Actually, Theresa once said it was one of the things that attracted her to me. She took it as a sign that our basic values were in sync. Buckworks has been shopping with her in Vegas and knows this well. Given my wife, my family, my friends, my in-laws, I'm reasonably inoculated against affluenza.
But the forces arrayed against you are powerful and sophisticated. Many people are not inoculated. Maybe they grew up poor and were always made to feel like less of a person, so they dreamed of being able to drive a nice car.
Then you take this massive, sophisticated sales and marketing machine and point it at them with both barrels.

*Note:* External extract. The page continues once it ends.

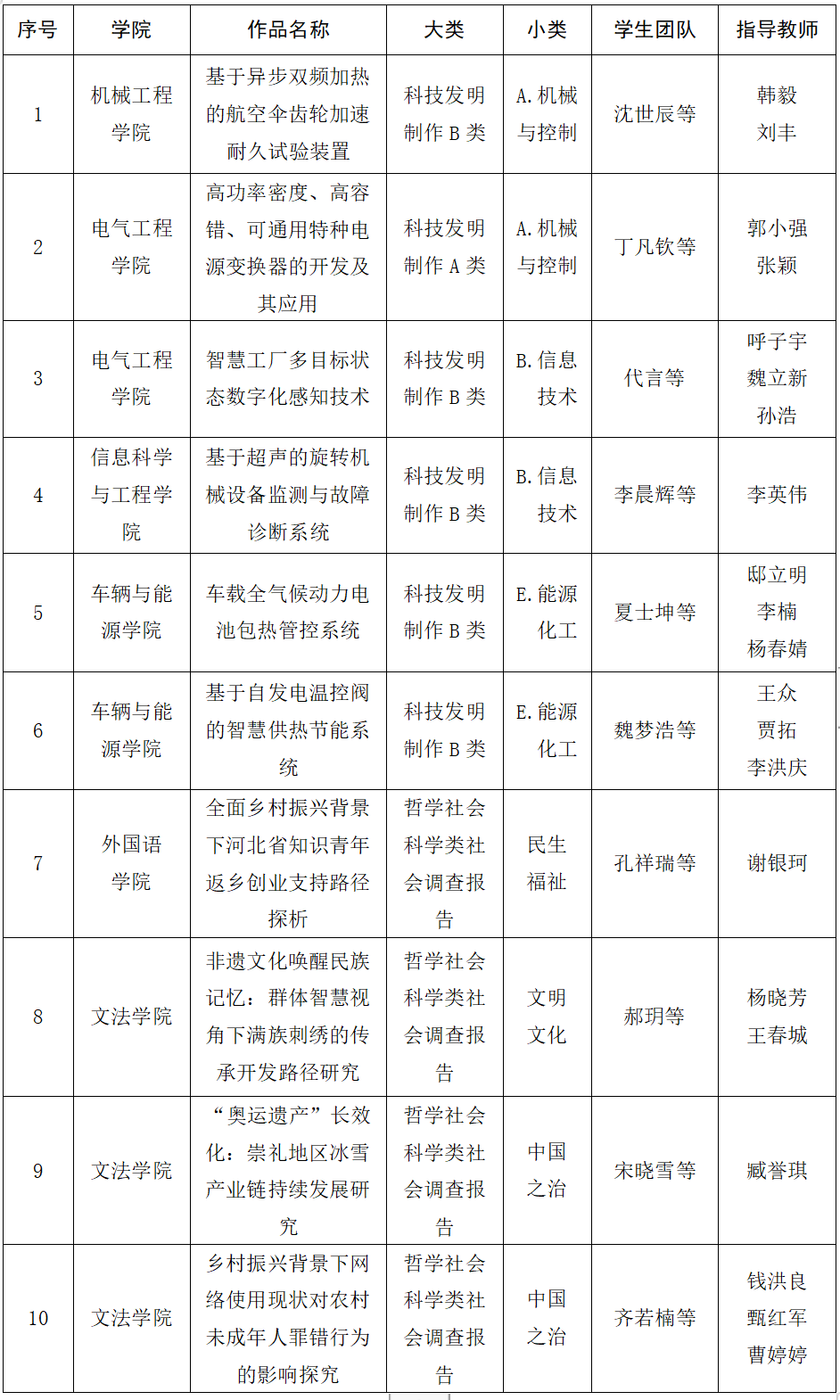 我校获河北省“挑战杯”特等奖作品名单

The car salesman doesn't ask "How much can you afford?" He almost always asks, "What kind of monthly payment are you looking for?" He's thrilled to set you up with eight years of financing. He's going to try every trick to hide the true cost. He's going to play to your fears, your insecurities, your vanity.
I understand why they are not able to resist. They lack the mental, financial and emotional tools. They lack a friend like Buckworks whispering in their ear. They are outgunned. And voilą! 1.1 trillion dollars in auto debt. Sad, but not hard for me to understand and empathize with.
At his old company, my brother used to run a workshop where he started by having people go through a magazine and estimate the percentage of space devoted to ads. Then he asked people to answer one question: "What is the kind of person these ads are telling you to be?"
They would discuss that for a while, and then he would ask a second question: "Is that the kind of person you WANT to be?" Just that one exercise was a powerful, life-changing tool for some people.